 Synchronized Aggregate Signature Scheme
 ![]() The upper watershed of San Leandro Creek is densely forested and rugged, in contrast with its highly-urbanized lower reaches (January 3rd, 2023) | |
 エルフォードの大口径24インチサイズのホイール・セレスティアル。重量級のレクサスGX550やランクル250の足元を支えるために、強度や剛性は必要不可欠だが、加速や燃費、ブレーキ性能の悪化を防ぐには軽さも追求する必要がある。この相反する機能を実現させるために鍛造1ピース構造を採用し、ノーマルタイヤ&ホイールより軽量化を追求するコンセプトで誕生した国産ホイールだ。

==

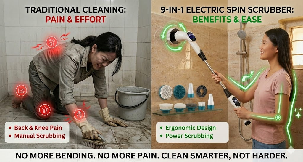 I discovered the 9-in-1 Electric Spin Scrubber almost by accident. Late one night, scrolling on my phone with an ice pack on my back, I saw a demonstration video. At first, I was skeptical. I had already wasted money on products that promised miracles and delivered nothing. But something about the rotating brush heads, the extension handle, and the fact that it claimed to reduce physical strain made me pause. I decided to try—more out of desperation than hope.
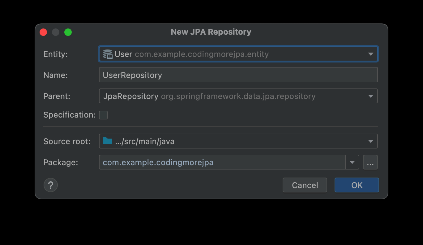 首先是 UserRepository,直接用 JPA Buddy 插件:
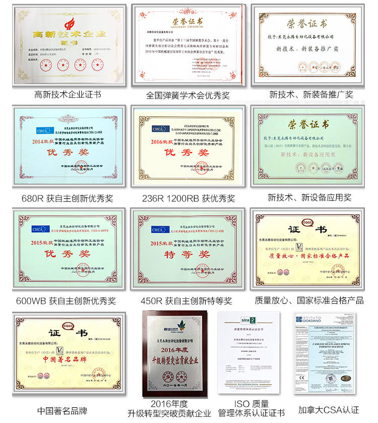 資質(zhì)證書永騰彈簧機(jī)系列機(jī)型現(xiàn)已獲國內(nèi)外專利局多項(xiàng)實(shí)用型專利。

→ WHAT YOU WILL DO: Please give back, exactly as it stands above, the stretch from the line with "Synchronized Aggregate Signature Scheme" through the line with "3rd, 2023) | |", and no line outside it.

→ SOLUTION FOR THIS PROBLEM:
 Synchronized Aggregate Signature Scheme
 ![]() The upper watershed of San Leandro Creek is densely forested and rugged, in contrast with its highly-urbanized lower reaches (January 3rd, 2023) | |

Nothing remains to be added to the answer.